MGM Growth Properties (NYSE: MGP) is listed among the top travel and leisure equities. MGP, the owner of Excalibur, Mirage, and other gaming venues on the Las Vegas Strip, has been listed among firms with attractive equities.
MGP was among the best-performing groups in the first quarter of 2021. The demand for the gaming stock was being pent-up by increasing coronavirus vaccinations. However, the demand is about to be suppressed by the emergence of the delta variant of COVID-19. Some states are also telling their residents to stay away from Vegas.
However, MGP is proving resilient to that trend, its shares are up by 2.35 percent over the past month. MGM International (NYSE: MGM). MGP’s lone tenant is down by 10.11 percent over the same period.

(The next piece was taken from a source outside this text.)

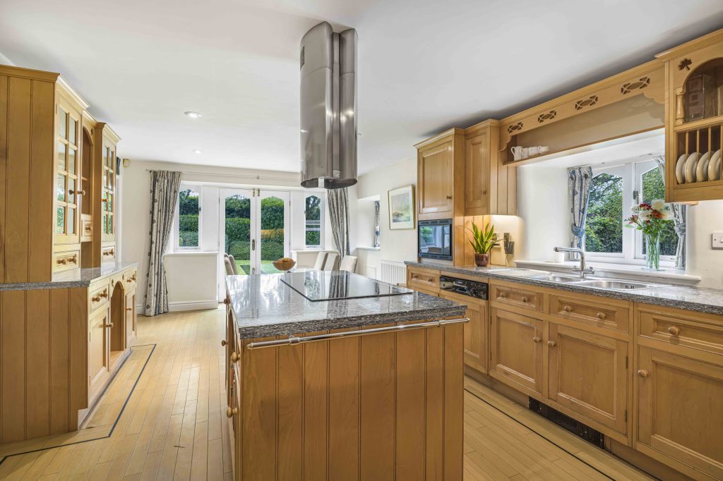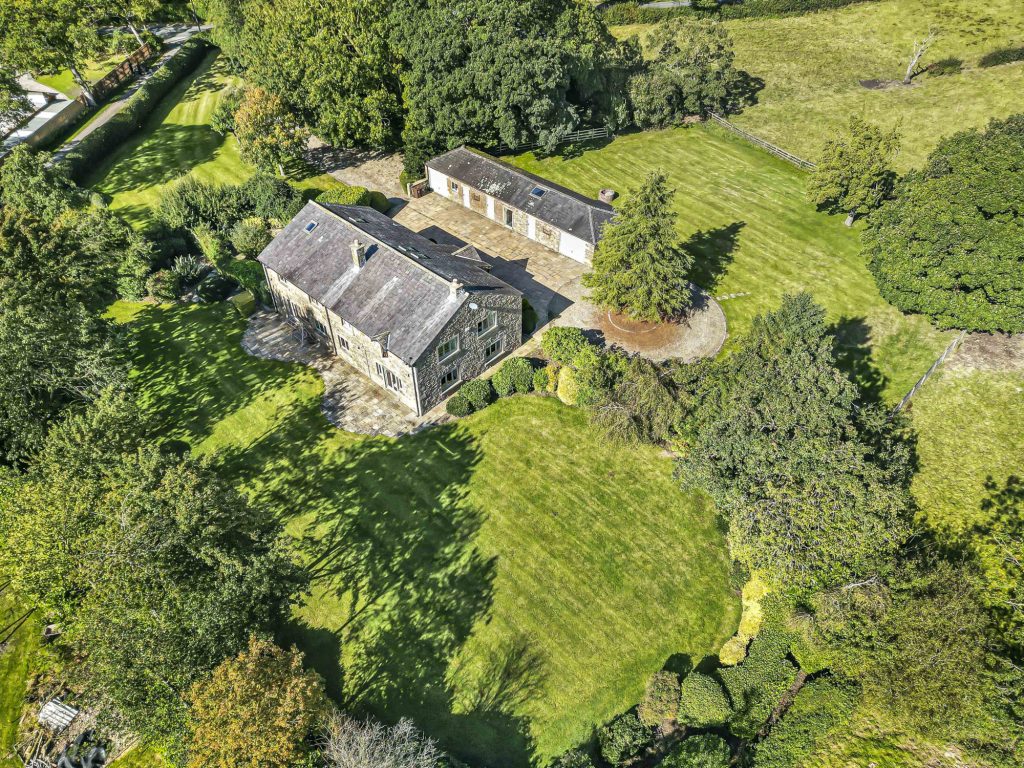 At the heart of the property is the spacious formal lounge with open fire, open-plan kitchen and living area, complemented by additional reception rooms ideal for entertaining and modern family life. The five bedrooms are generously proportioned, with the principal suite enjoying en-suite facilities and views over the grounds to open countryside.

MGP is proving hardy against the delta variant backdrop is that the company is not a casino operator. Rather, MGP is a gaming real estate investment trust (REIT). In other words, the firm is a property owner and rent collector.
MGP is also structured as a triple-net lease REIT, which means that the firm does not pay for property upkeeps or other related expenses. UBS analyst Robin Farley believes the model was important during the pandemic.
“The triple net lease structure was new to the gaming industry in the last couple of years, and it hadn’t been through a significant downturn. The pandemic has proven the business model.”
At the height of the coronavirus pandemic, casino REITs like MGP were in turmoil when gaming venues were closed. They feared that the operators would struggle to meet lease obligations without any revenue.
However, those concerns are reduced, particularly for MGP, whose lone tenant MGM has one of the strongest balance sheets. The chances of missing to pay rent are minimal.